Let $L:C_{0}(\mathbb{R}) \supseteq D(L) \rightarrow C_{0}(\mathbb{R})$ be the generator of the standard one dimensional Brownian motion.
I calculated that $\{f \in C_{0}(\mathbb{R}):f'' \in C_{0}(\mathbb{R})\} \subseteq D(L)$ holds and that $Lf=\frac{1}{2}f''$ on this subset. But how can I show that $\{f \in C_{0}(\mathbb{R}):f'' \in C_{0}(\mathbb{R})\} = D(L)$ holds? I would be really grateful for some hints or a solution.

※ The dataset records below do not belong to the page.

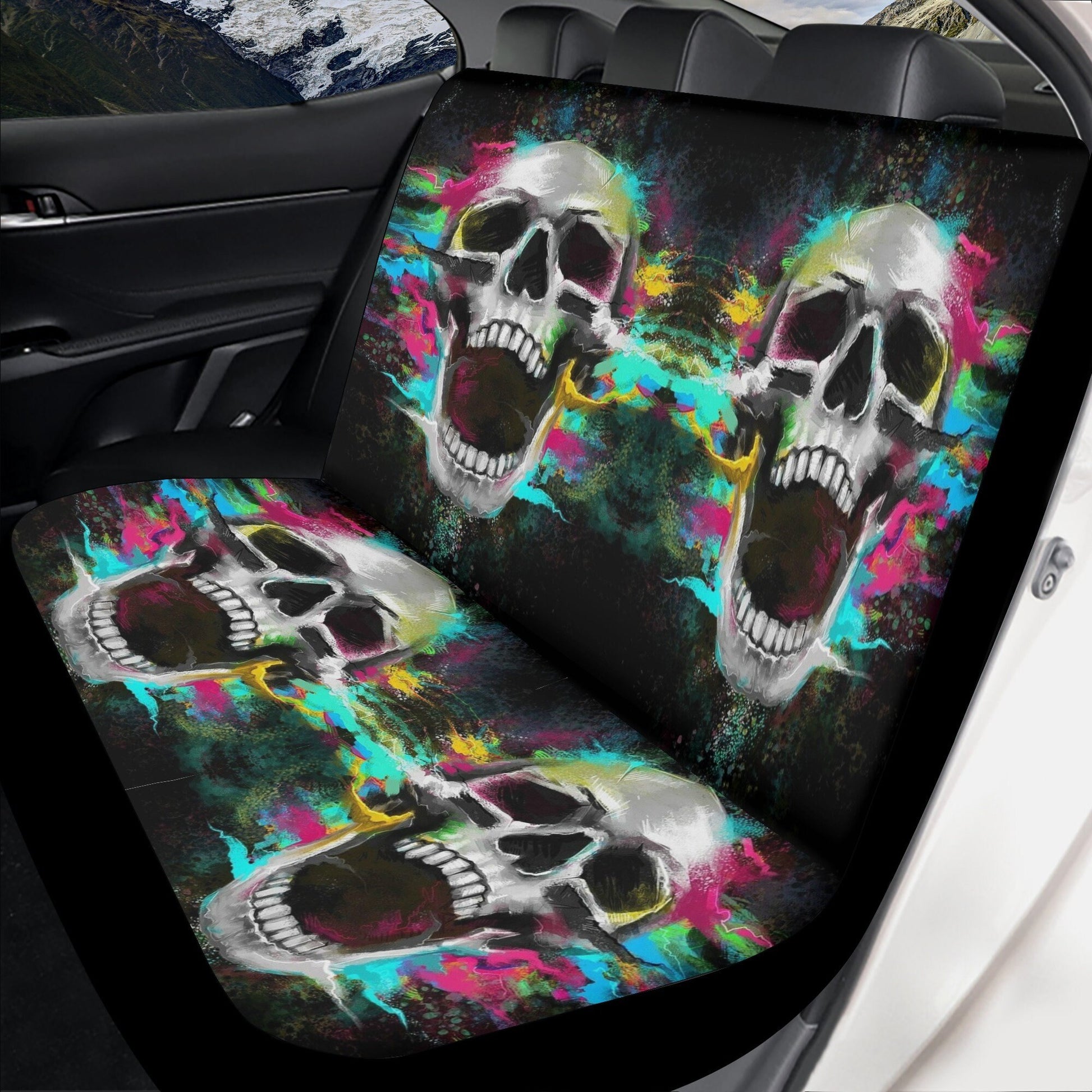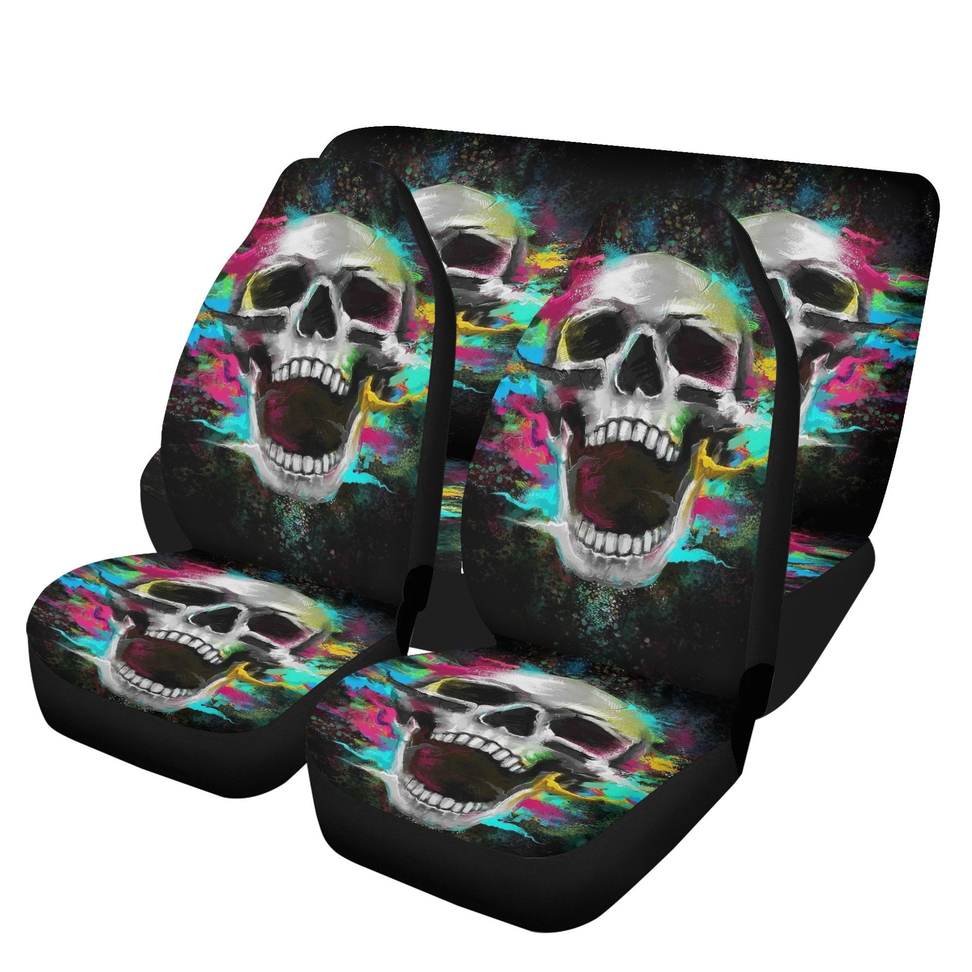 Gothic Skull Car Seat Cover car mat full set, Grim reaper skull seat cover mat for car Flaming skull gothic car seat cover Halloween car mat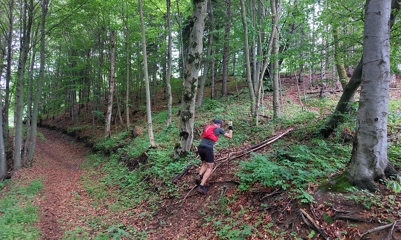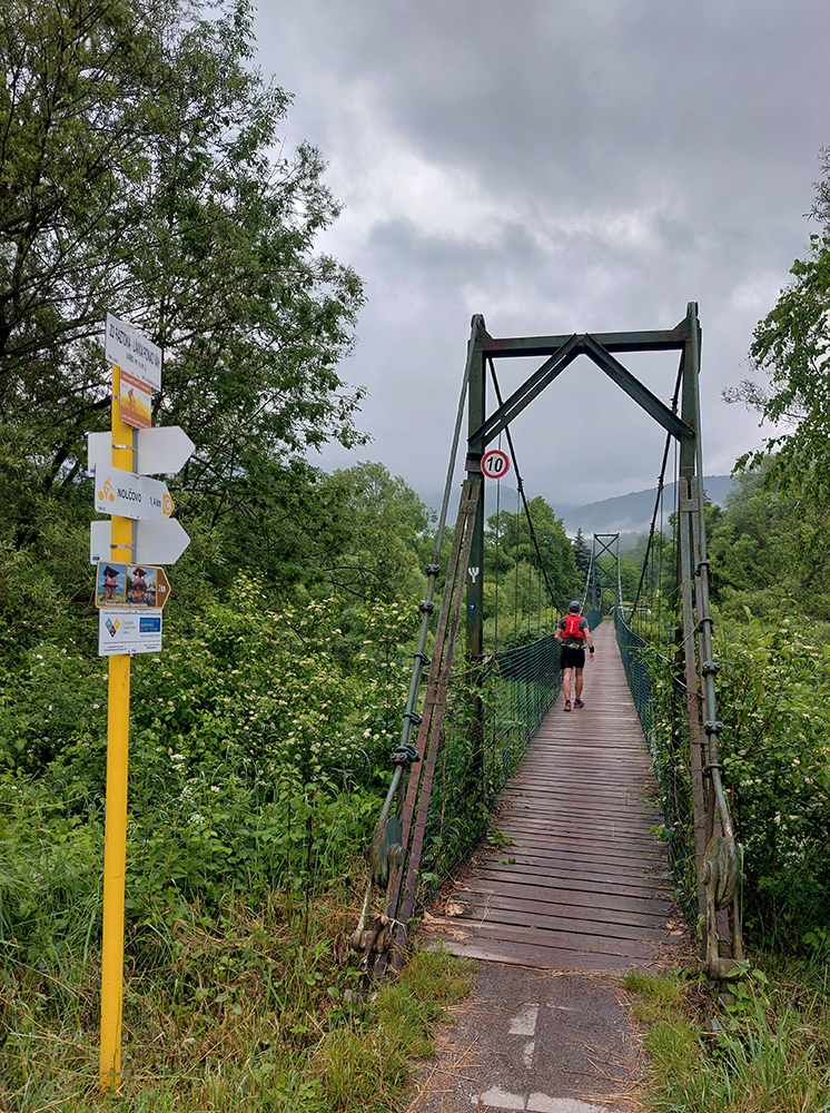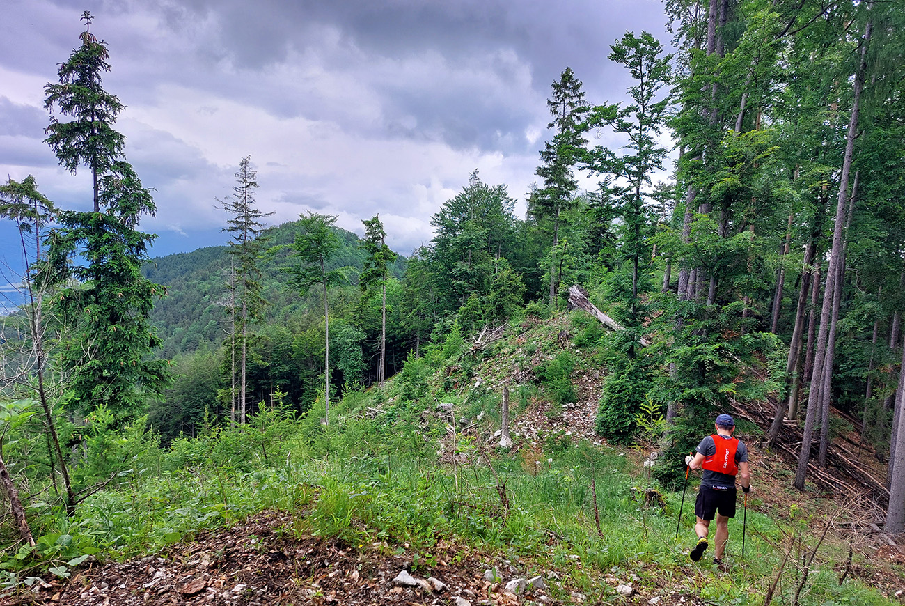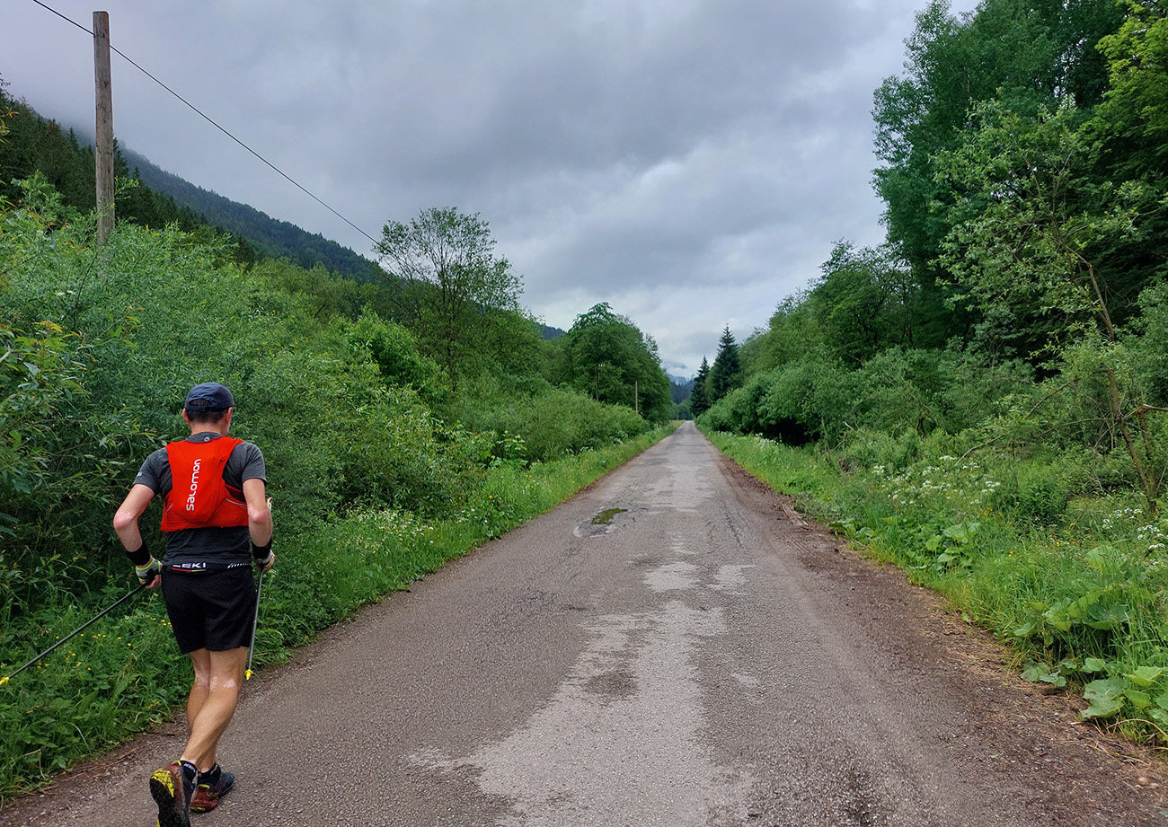 Na úvod rozklus popri Váhu pod kopec – už viem, že Majo je po štarte rýchly, tak som od stanice k nemu domov poctivo rozklusal, ale aj tak som potom ledva fučal. Asfaltka hore Nolčovom a od chaty odbočka doľava: mokrá, hlinená strmina na „Moguru“, ako ju vraj miestni volajú. Zatiaľ som stíhal, nohami aj pajšľami, tak sme aj poohovárali kdekoho. Aj Petra Fraňa, ktorý akurát pred pár hodinami bral parádny bronz na majstrovstvách sveta v ultrabehu - bomba chlap! Pri jeho zlepšovaní ostatné roky sa to asi dalo aj čakať, aj keď zdalo sa, že najmä organizátorov a kameramana v cieli tým poriadne zaskočil. Pritom ako tretí bežal dosť dlho a ten druhý mal v cieli ozaj na mále – ešte pár kiláčikov a... Ale dobre, o rok to takto bude hádam aj titul a už budú ozaj vedieť, s kým majú tú česť, budeme držať palce! Popri vykecávaní sme sa zo strmého lesa vynorili na strmé lúky a v topánkach nám hneď začalo čvachtať. Vlhko a dusno ako v Amazónii, hrebeň v mrakoch:
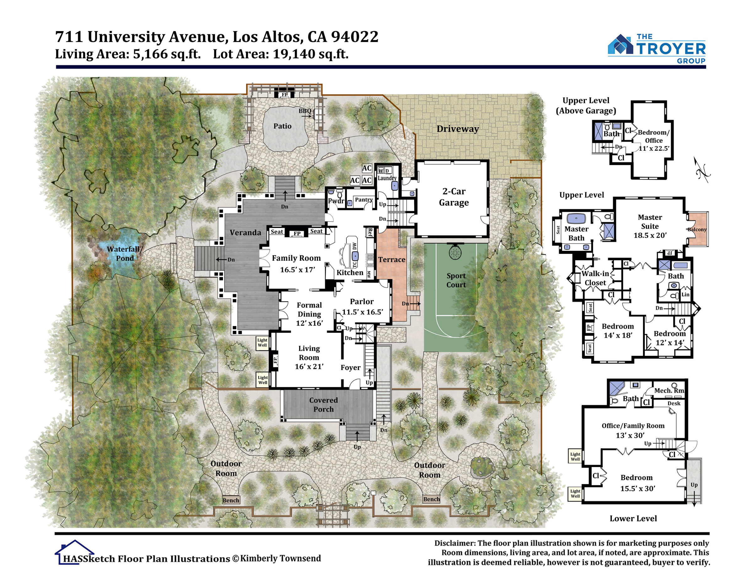 - Every inch of the property is supremely utilized with meandering walking paths, perfectly positioned outdoor rooms, lush gardens, pond and waterfall, level lawn, and mature shade trees all completely encircling the home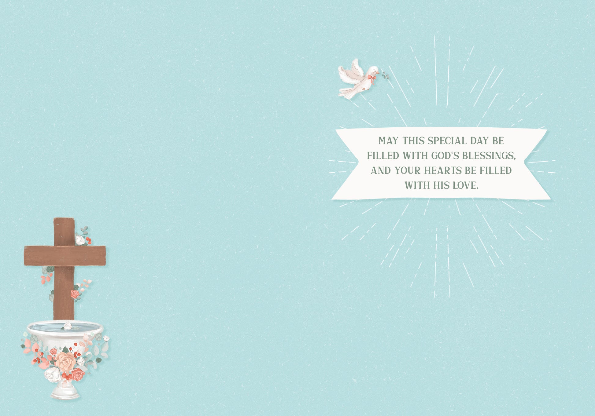 Inside Greeting: May this special day be filled with God's blessings, and your hearts be filled with His love.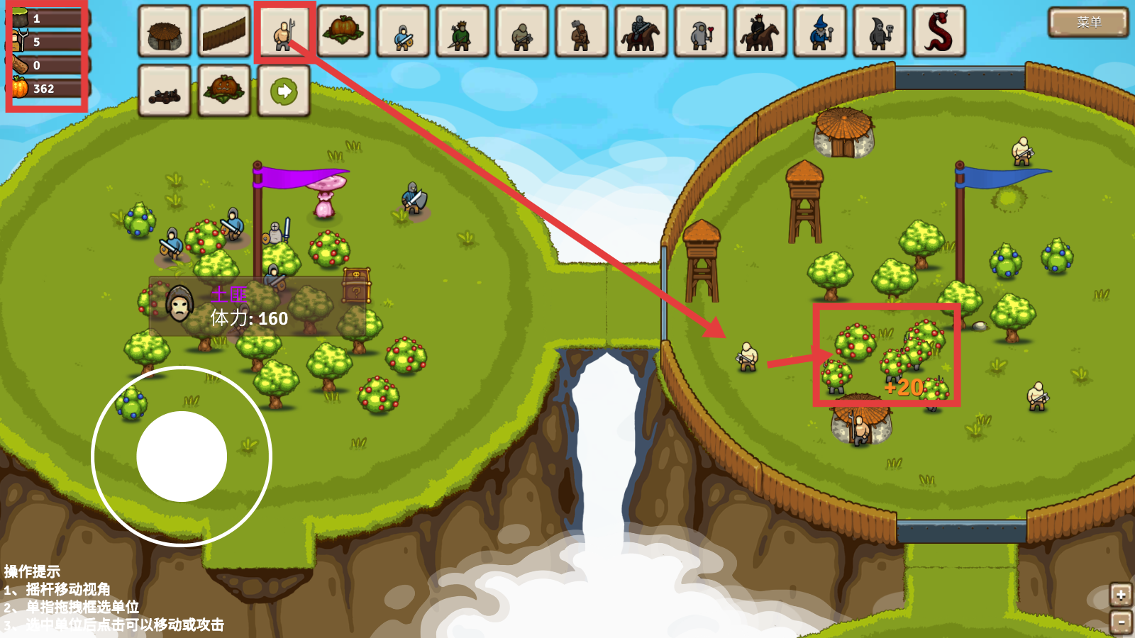 2、点击单位图标派出工人,优先收集【苹果】等资源,关注左上角资源栏(如【南瓜-362】),保障资源充足以发展建筑和军队。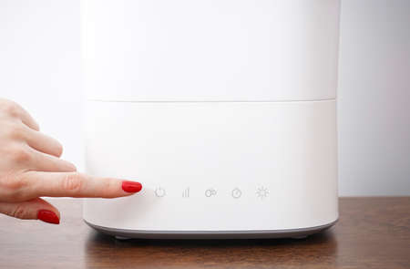Woman switching on modern humidifier on table. Close-up.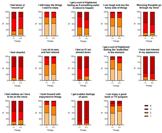 Among patients who needed access to the hospital, only one out of four would have preferred to be treated at home with s.c. therapy and was afraid of being infected in the hospital. IBD symptoms such as diarrhoea mildly worsened in 10 (8.9%) patients treated with i.v. drugs and 4 (5.2%) patients treated with s.c. drugs (p = 0.41), but the increase in PMS or in HBI was not sufficient to define a disease relapse in any patient (hospitalized vs. non-hospitalized, p = ns). Moreover, the two groups of patients had similar scores in the 14 single items of the HADS questionnaire (p > 0.10 for all) (Figure 2). The total HADS score obtained by the sum of all items was also almost identical between groups (37.1 ± 2.8 vs. 37.2 ± 2.8; p = 0.98). The two groups of patients had similar scores in the 14 single items of the HADS questionnaire (p > 0.10 for all) (Figure 2). The total HADS score obtained by the sum of all items was also almost identical between groups (37.1 ± 2.8 vs. 37.2 ± 2.8; p = 0.98).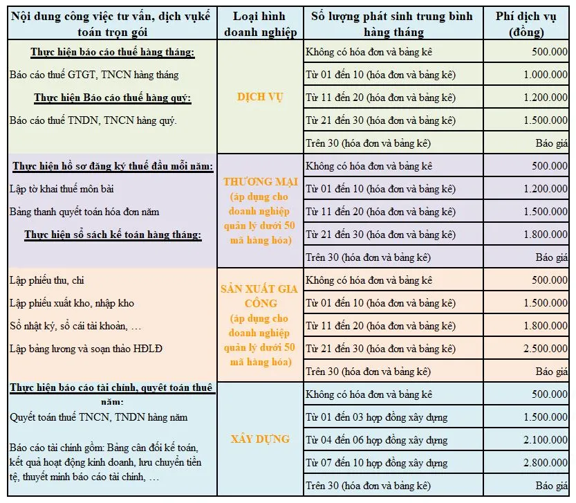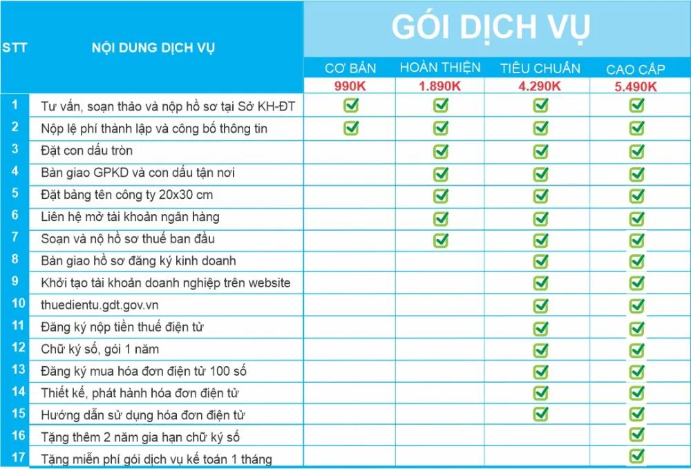 Nếu bạn sử dụng thêm dịch vụ sau thành lập thì trọn gói là 1.500.000 đồng

A mantra: "The domain of the generator is the range of the resolvent".
For standard Brownian motion the ($\alpha$-)resolvent is the integral operator $$ U^\alpha g(x):=\int_{\Bbb R} {1\over \sqrt{2\alpha}}e^{-\sqrt{2\alpha}|y-x|} g(y) dy \quad x\in\Bbb R. $$ (Here $\alpha>0$.)
It's not too hard to check that $D(L)=U^\alpha(C_0(\Bbb R))\subset \{f\in C_0(\Bbb R): f''\in C_0(\Bbb R)\}$.